And they are bolstered by an education delivered by their elders while serving time in what soon was widely known as “The University.”


On the return ferry, the mist lifted and the tone of the day relaxed with a group visit to Groot Constancia, the Cape’s oldest vineyard (c. 16-something).


We actually had quite an informative tour. For instance, should you wish to divulge this little factoid while hosting your next wine and cheese soiree—80% of the world’s cork comes from Portugal.
Who knew!
Traditionalists opposed to the use of synthetic cork (or worse, the wretched screw top!) may want to boast that the cork harvesting process is supposedly sustainable (supposedly being the operative word).
Personal disclaimer:  I could not care less how the wine is sealed but Kyle (our fabulously British wine educator) coaxed us all into verbally acquiescing that the “POP” of a cork, is, indeed, quite a pleasant sound that fills one with a warm anticipation of the impending libation.
Forgive me for prattling about cork.



We had a farewell dinner at Mama Africa, where the game meat was succulent and the wine (from Groot!) flowed liberally. 

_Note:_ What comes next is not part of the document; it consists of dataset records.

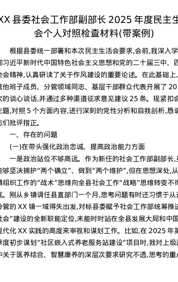 XX县委社会工作部副部长2025年度xxxxx个人对照检查材料(带案例)
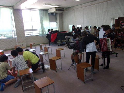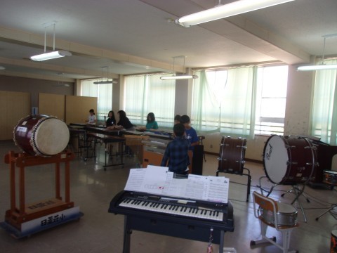 2組は音楽で、『アフリカンシンフォニー』の合奏の練習に取り組んでいました。各パートに分かれて熱心に練習していました。
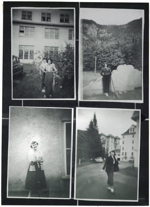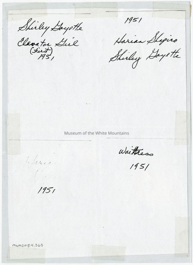 Four photographs of Shirley Goyette, H. Shapiro, a waitress, and "elevator girl" taken at the Balsams Hotel circa 1951.
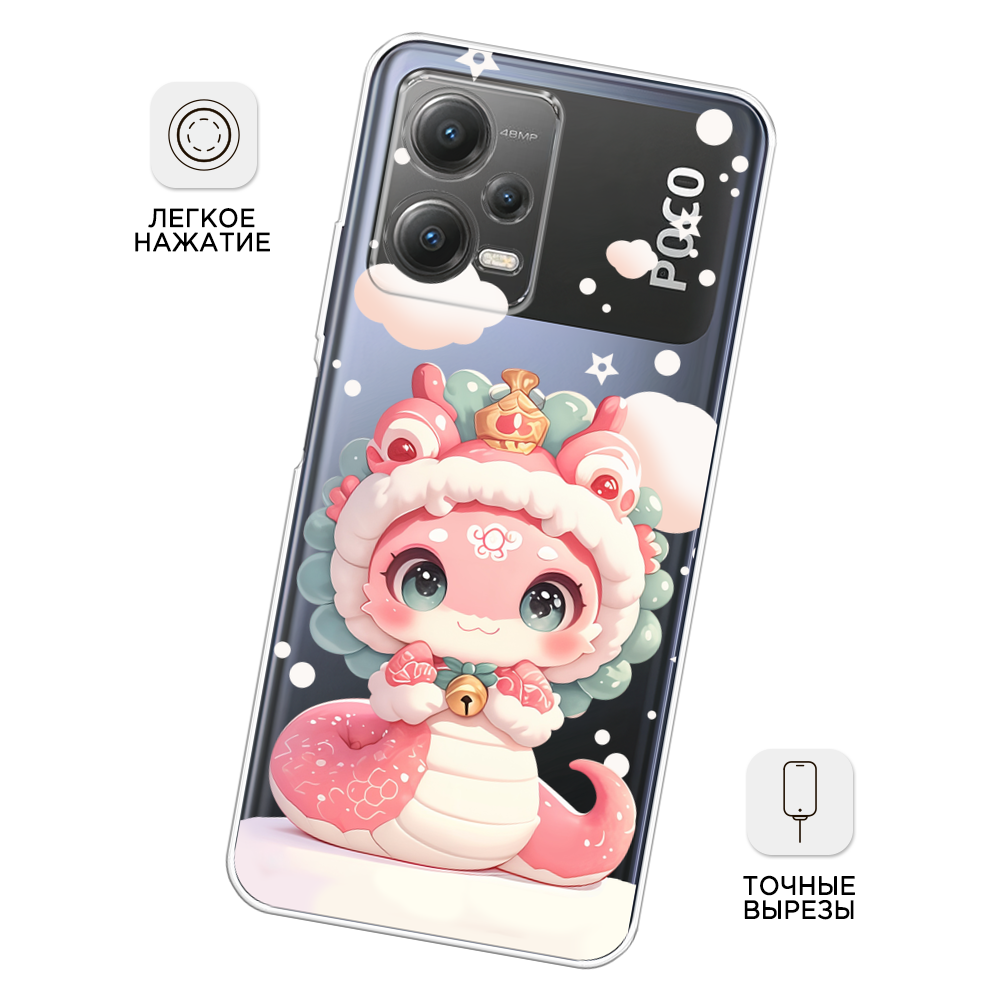 СохранитьЧехол на Xiaomi Poco X5 5G / Сяоми Поко X5 5G с принтом Розовая праздничная змейка 2, прозрачный интересное:
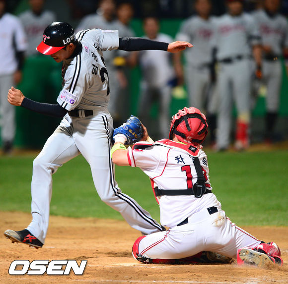 2일 오후 광주 무등구장에서 열린 2013 한국야쿠르트 세븐프로야구 KIA 타이거즈와 LG 트윈스의 경기, 9회초 2사 주자 2,3루 LG 손주인이 좌중간 동점 2타점 적시타때 2루 주자 임정우가 홈을 밟고 있다.
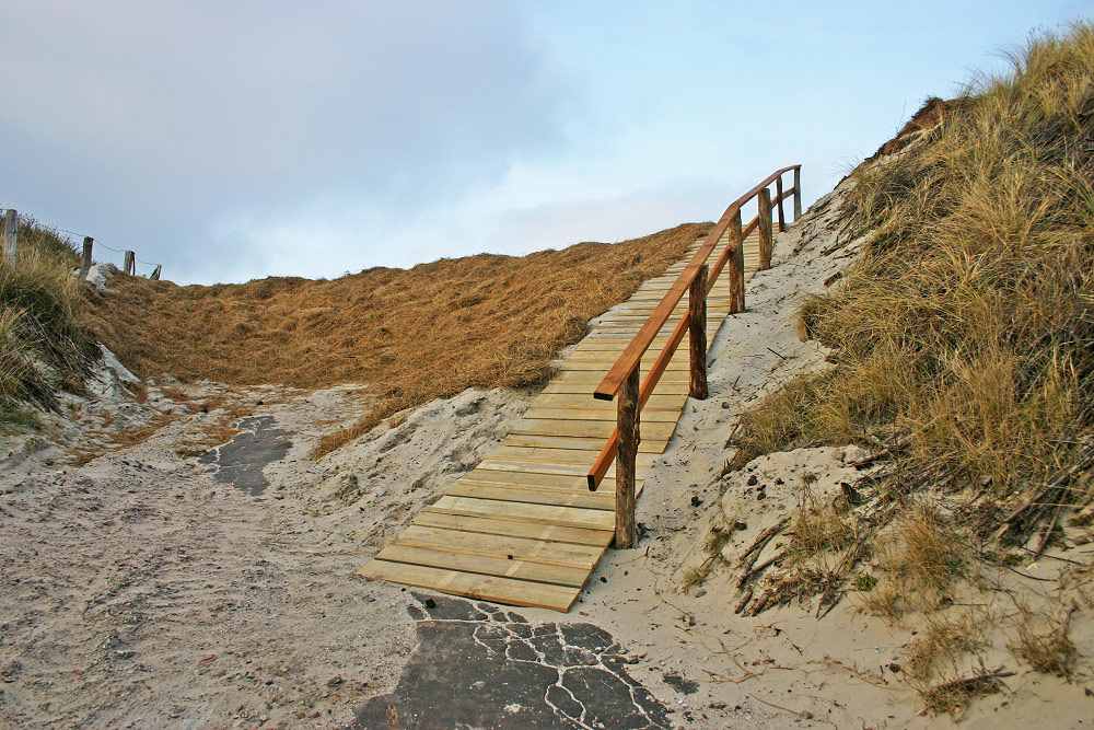 Hier sehen wir die erhöhte Dünenüberwegung nordwestlich des »Bünder Heims« noch einmal von der anderen Seite. Damit man sie leichter überqueren kann, besitzt sie an der Landseite sogar einen Steg mit Geländer.
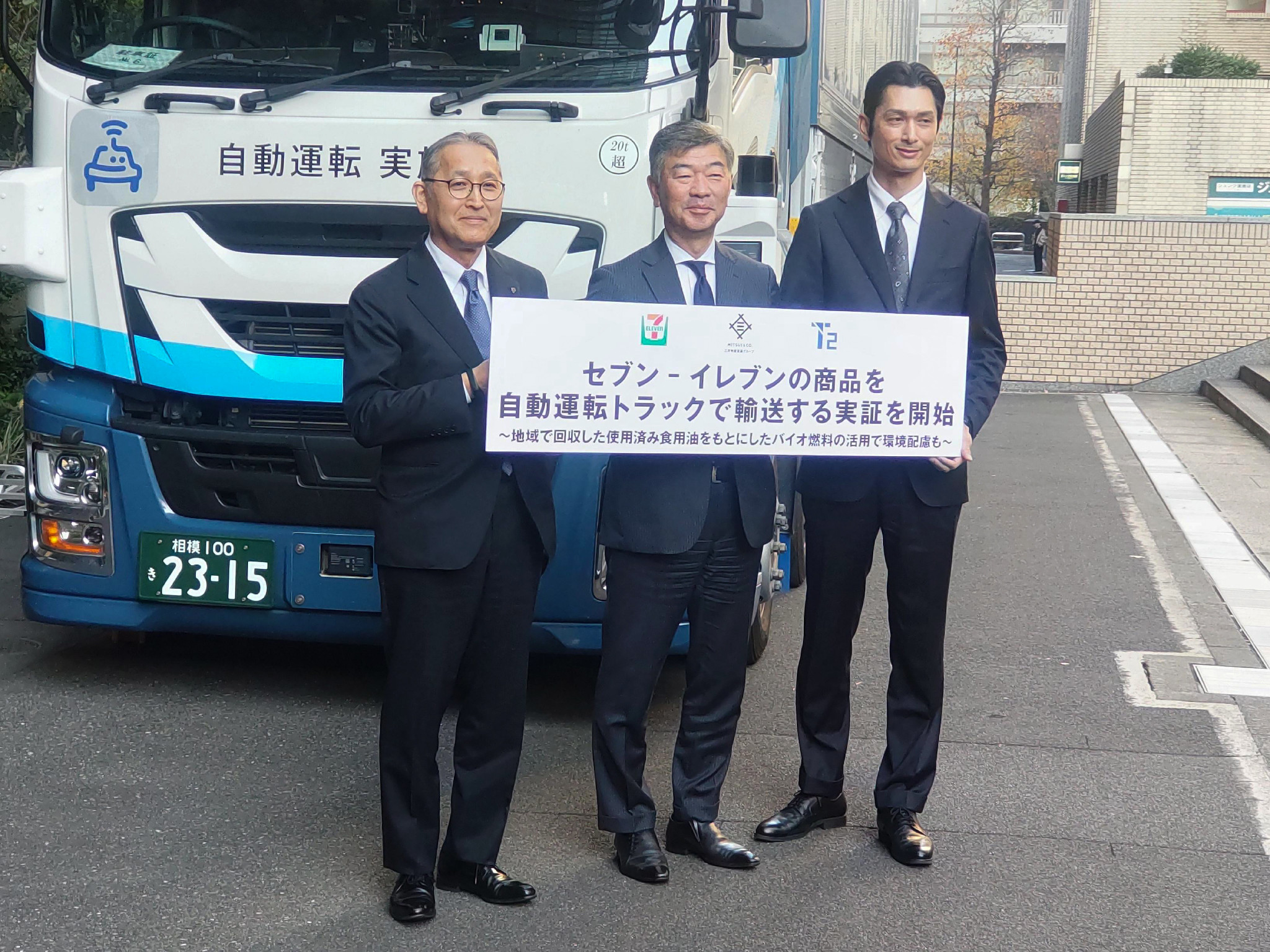 セブン―イレブン・ジャパンは1日、自動運転トラックで商品を輸送する実証実験を始めると発表した。自動運転システムを開発するT2、三井物産物流グループと共同で実施する=東京都千代田区
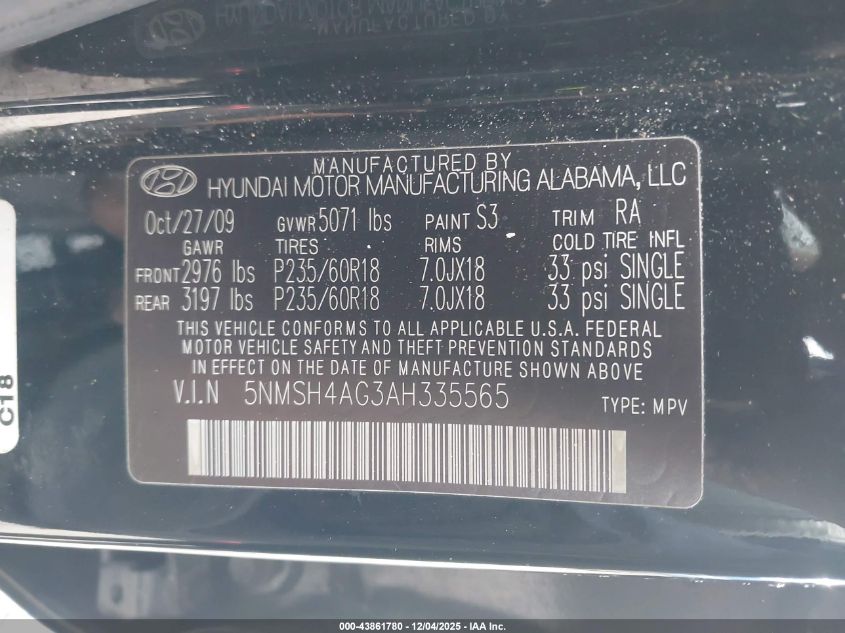 2010 HYUNDAI SANTA FE GLS
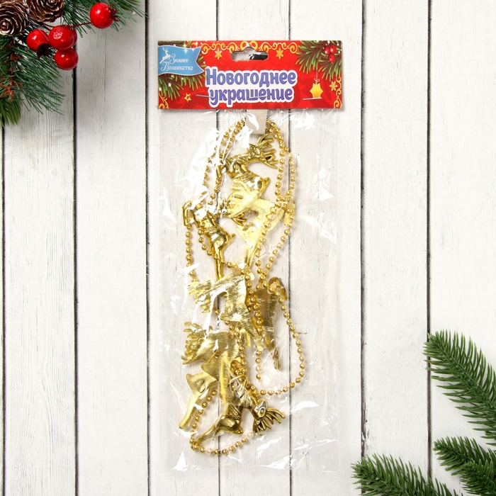 Бусы на ёлку «Олени», длина 1 м, золотистые — Характеристики
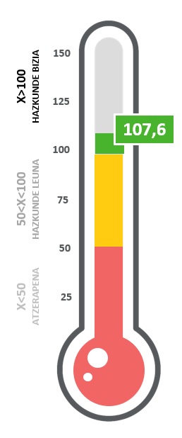 Euskal ekonomiaren termometroak 107,6ko balioa izan zuen azaroan. Horrela, euskal ekonomiak azken hilabeteetako joera positiboa luzatu du, nahiz eta jardueren artean sakabanatze handiagoa egon. Eskariari dagokionez, kontsumo pribatuak aurrerapen nabarmena du, eta inbertsioa da osagairik dinamikoena, eta jarduera bultzatzen jarraitzen du. Kanpo arloak ekarpen negatiboa egiten jarraitzen du, baina intentsitate txikiagoarekin. Eskaintzaren ikuspegitik, eraikuntzak eta zerbitzuek portaera bereziki ona dute, eta industriak, berriz, oso modu moderatuan egiten du aurrera.
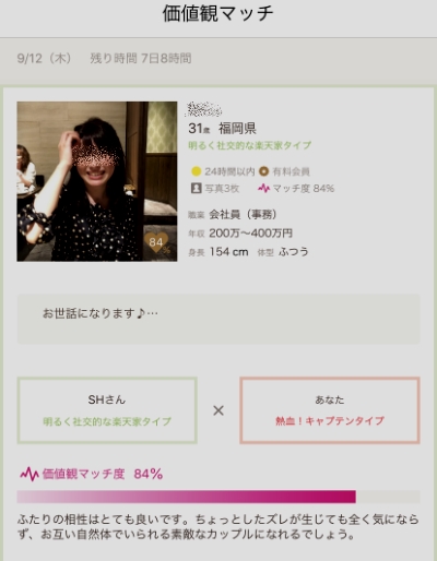 この価値観診断の結果に基づいて、アルゴリズムでピッタリの相手を紹介してくれるのですが、これが結構筆者の好みに近かったりするからビックリでした。
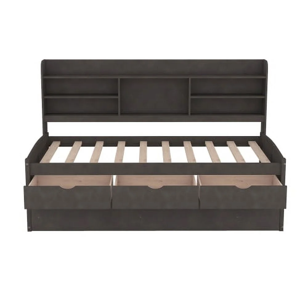 Motent Twin Size Wooden Captain Bed with Built-in Bookshelves,Three Storage Drawers and Trundle, Bedroom, Brown
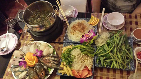( Coquille StJacques , Scampis, Calamars, Boeuf,Poulet, Porc, Oeufs, Nouilles, Vermicelles, Légumes variés )
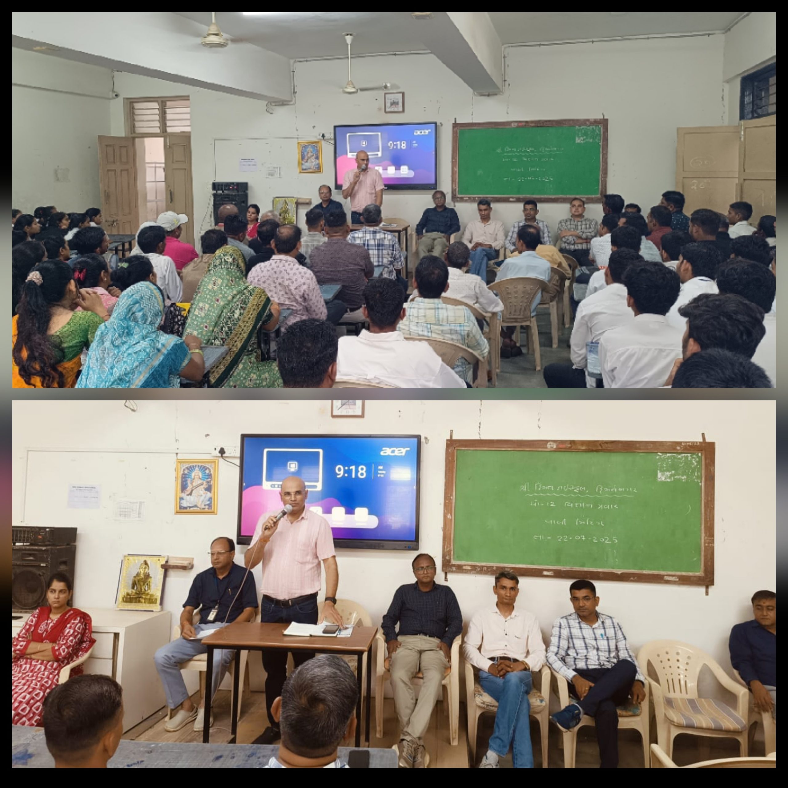 આજરોજ શાળામાં અભ્યાસ કરતા ધોરણ 12 વિજ્ઞાન પ્રવાહના વિદ્યાર્થીઓ અને વાલીઓની મીટીંગ યોજવામાં આવી. જેમાં મોટી સંખ્યામાં વાલીઓ હાજર રહ્યા. કાર્યક્રમની શરૂઆત પ્રાર્થના અને સ્વાગત પ્રવચનથી કરવામાં આવી. શાળાના વિજ્ઞાન પ્રવાહના કેમેસ્ટ્રી ટીચર શ્રી ચિરાગભાઈ પટેલ એ વિદ્યાર્થીઓને ઉપયોગી સુંદર માહિતી આપી. આચાર્યશ્રી સુરેશભાઈ પટેલે વિદ્યાર્થીઓને ભાવિ કારકિર્દી, ટાઈમ મેનેજમેન્ટ, હેલ્થ, પરીક્ષાલક્ષી માહિતી તથા વાલીઓ માટે પણ ઉપયોગી પ્રવચન આપ્યું અને વિદ્યાર્થીઓને વાલીઓને વધારે સારા માર્ક મેળવવા માર્ગદર્શન કર્યું. વાલીઓ ખૂબ ઉત્સાહી જોવા મળ્યા. વાલીઓએ પણ કેટલાક સૂચન કર્યા. સમગ્ર કાર્યક્રમનું સંચાલન તથા આભાર વિધિ સુપરવાઇઝર અને સીનીયર શિક્ષક શ્રી પી.જે.મહેતાએ કરી. શાળાના વિજ્ઞાન પ્રવાહના તમામ શિક્ષક મિત્રો હાજર રહ્યા.

That’s surprisingly chewy but delicious crocodile.
  
 

The festivities continued with dancing at a club called Zula, which we all may or may not have slightly regretted the next morning.
Or, entire next day.

Regardless, it was a perfect last hurrah.
Love from Cape Town.


2 comments:

  1. Word of the day, "wisdom".

    P.S. I knew that about corks...didn't I tell you? Thankfully, your journey has schooled you in the important, minute details. Alice will be proud!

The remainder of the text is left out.